Go to the line that contains "Image 8. Option", then write out that line and all that follow to the end of the listing, exactly and without pictures.

■ DATASET EXTRACT:
◇ ◇ ◇ ◇ ◇

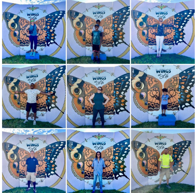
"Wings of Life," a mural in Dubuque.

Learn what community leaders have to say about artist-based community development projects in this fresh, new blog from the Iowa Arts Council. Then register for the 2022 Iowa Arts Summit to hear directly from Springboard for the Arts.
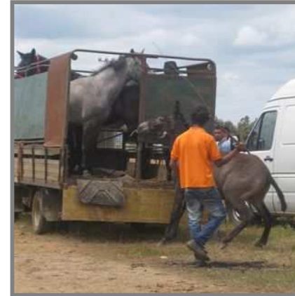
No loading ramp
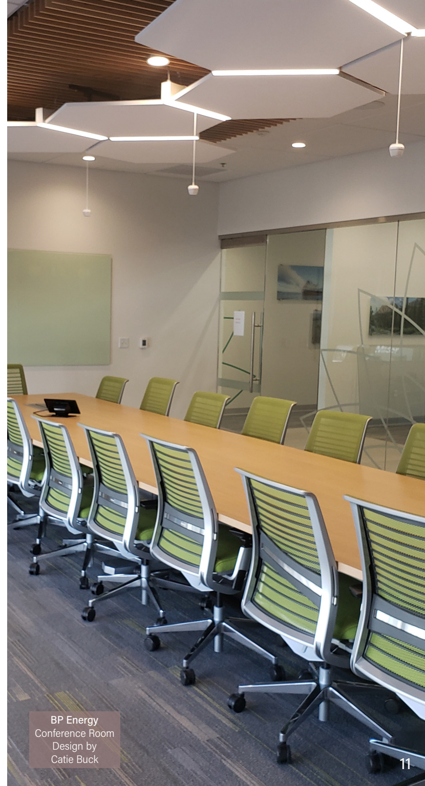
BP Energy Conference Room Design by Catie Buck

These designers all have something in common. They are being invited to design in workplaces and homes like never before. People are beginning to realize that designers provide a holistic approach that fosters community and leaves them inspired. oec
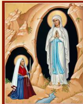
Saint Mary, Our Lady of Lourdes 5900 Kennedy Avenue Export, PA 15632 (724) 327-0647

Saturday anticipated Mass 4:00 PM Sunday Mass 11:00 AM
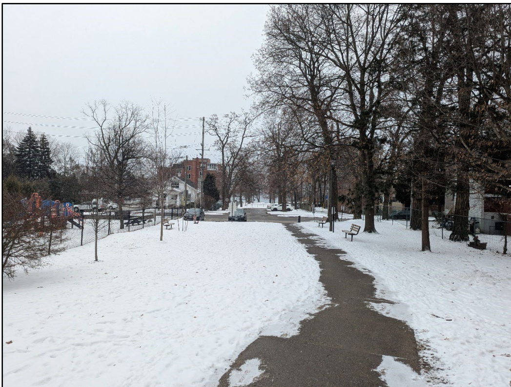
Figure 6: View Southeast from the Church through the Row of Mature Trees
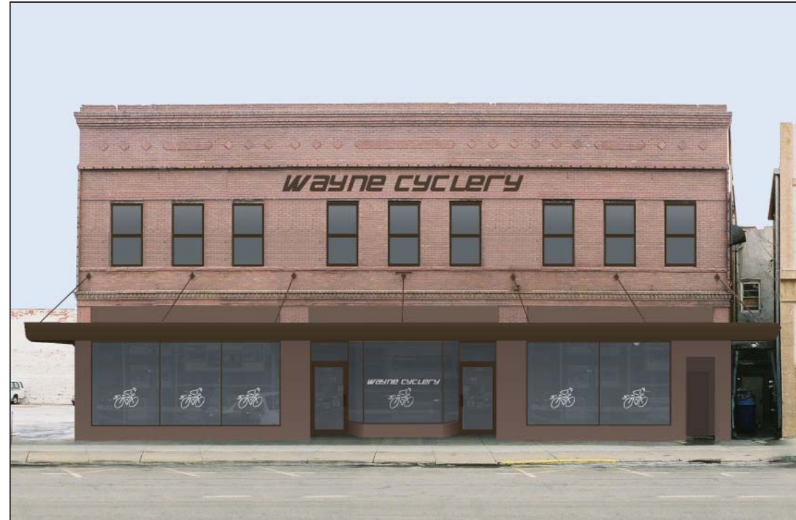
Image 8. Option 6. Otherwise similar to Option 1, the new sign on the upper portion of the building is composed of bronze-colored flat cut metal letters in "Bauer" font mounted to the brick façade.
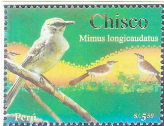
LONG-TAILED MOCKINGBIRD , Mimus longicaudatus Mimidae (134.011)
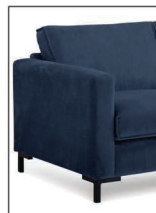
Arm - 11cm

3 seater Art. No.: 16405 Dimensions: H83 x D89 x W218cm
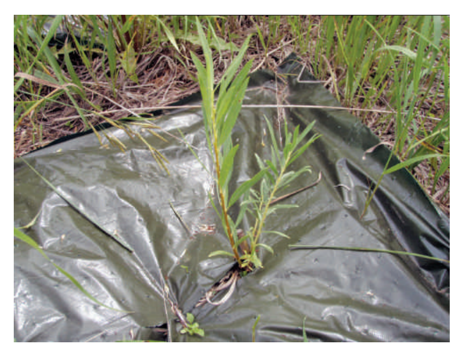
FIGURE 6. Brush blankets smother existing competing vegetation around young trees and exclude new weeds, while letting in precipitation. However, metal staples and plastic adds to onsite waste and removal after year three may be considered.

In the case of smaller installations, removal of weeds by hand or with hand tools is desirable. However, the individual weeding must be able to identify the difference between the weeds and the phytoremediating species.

◇ ◇ ◇ ◇ ◇

■ OUTPUT:
Image 8. Option 6. Otherwise similar to Option 1, the new sign on the upper portion of the building is composed of bronze-colored flat cut metal letters in "Bauer" font mounted to the brick façade.
LONG-TAILED MOCKINGBIRD , Mimus longicaudatus Mimidae (134.011)
Arm - 11cm

3 seater Art. No.: 16405 Dimensions: H83 x D89 x W218cm
FIGURE 6. Brush blankets smother existing competing vegetation around young trees and exclude new weeds, while letting in precipitation. However, metal staples and plastic adds to onsite waste and removal after year three may be considered.

In the case of smaller installations, removal of weeds by hand or with hand tools is desirable. However, the individual weeding must be able to identify the difference between the weeds and the phytoremediating species.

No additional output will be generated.